Tag Archive: Illegal


Pot Brownies have been around for decades.

But the brainchild of the hippies of the 60s have made way to a marijuana menu that would have Martha Stewart blushing.

And parents should pay attention.

With our growing medicinal marijuana culture comes an array of new products designed to help patients consume cannabis.

And many parents can miss detecting the signs of marijuana use, by simply smelling for smoke, or looking for signs of paraphernalia like rolling papers, a pipe, or bong.

DETECTING MARIJUANA USE IS AS SIMPLE AS A TEENSAVERS HOME DRUG TEST KIT. MAKE A CLEAN SWEEP OF DRUGS WITH THE KIT MADE SPECIFICALLY FOR FAMILIES RIGHT HERE.

The Seattle Times has an article about the safety of edibles, and while the article focuses on the sanitary conditions in which these products are made.

And while the food-safety inspection concerns are an issue for people that consume these products, the article is also a good way for parents to discover just how food products cannabis can be infused into.

There are Lollipops, Black Forest Ham and Swiss Breads, caramels, fudge, cookies, taco mix, greenfish (think goldfish crackers), weeditz (think cheez itz,) animal crackers, and rice krispy treats.

And when it comes to drinks, there are teas, lemonades, and sodas.

What are helping legitimate patients easy their pain ans suffering without smoking, are also intoxicating snacks for sneaky students.

It’s just another thing to look for as a parent.

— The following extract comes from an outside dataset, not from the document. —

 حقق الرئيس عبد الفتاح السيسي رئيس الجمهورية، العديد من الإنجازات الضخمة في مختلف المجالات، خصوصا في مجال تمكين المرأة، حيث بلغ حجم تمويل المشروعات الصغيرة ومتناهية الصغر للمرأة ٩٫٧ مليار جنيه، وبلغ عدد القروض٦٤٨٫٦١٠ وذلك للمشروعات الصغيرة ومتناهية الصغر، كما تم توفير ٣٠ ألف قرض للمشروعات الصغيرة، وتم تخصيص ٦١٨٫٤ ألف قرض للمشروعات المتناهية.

There’s not always smoke, where there is fire. And your teenaged son or daughter could be ablaze with a marijuana high from an unassuming fiery burrito.

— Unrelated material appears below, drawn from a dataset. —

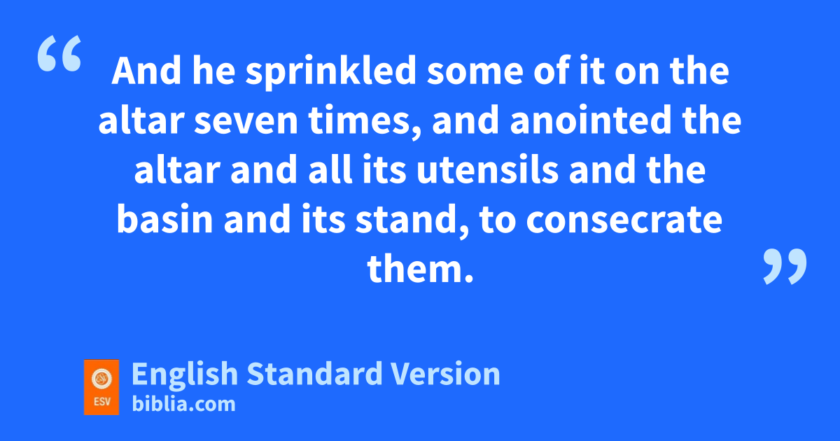 10 dThen Moses took the anointing oil and anointed the tabernacle and all that was in it, and consecrated them. 11 And he sprinkled some of it on the altar seven times, and anointed the altar and all its utensils and the basin and its stand, to consecrate them. 12 And ehe poured some of the anointing oil on Aaron’s head and anointed him to consecrate him. 13 And Moses brought Aaron’s sons and clothed them with coats and tied sashes around their waists and bound caps on them, as the Lord commanded Moses.

Pro-marijuana activists have been beating the same drum for years.

If I had a dollar every time I’ve heard or read that “marijuana has never killed anyone” or “not one person has died directly from using marijuana.”

It typically is the number one point made by marijuana advocates when the discussion centers around marijuana legalization.

The truth is when it comes to kids, there are numerous studies that reveal damaging effects to the brains of adolescent marijuana smokers.

ECSTASY ISN’T JUST TAKEN INTENTIONALLY. MANY YOUNG TEENS INGEST ECSTASY ACCIDENTALLY, IN SPIKED ITEMS THAT THEY CONSUME. PROTECT YOUR TEEN AND KNOW IF THEY’VE BEEN GIVEN ECSTASY WITH THE TEST HERE.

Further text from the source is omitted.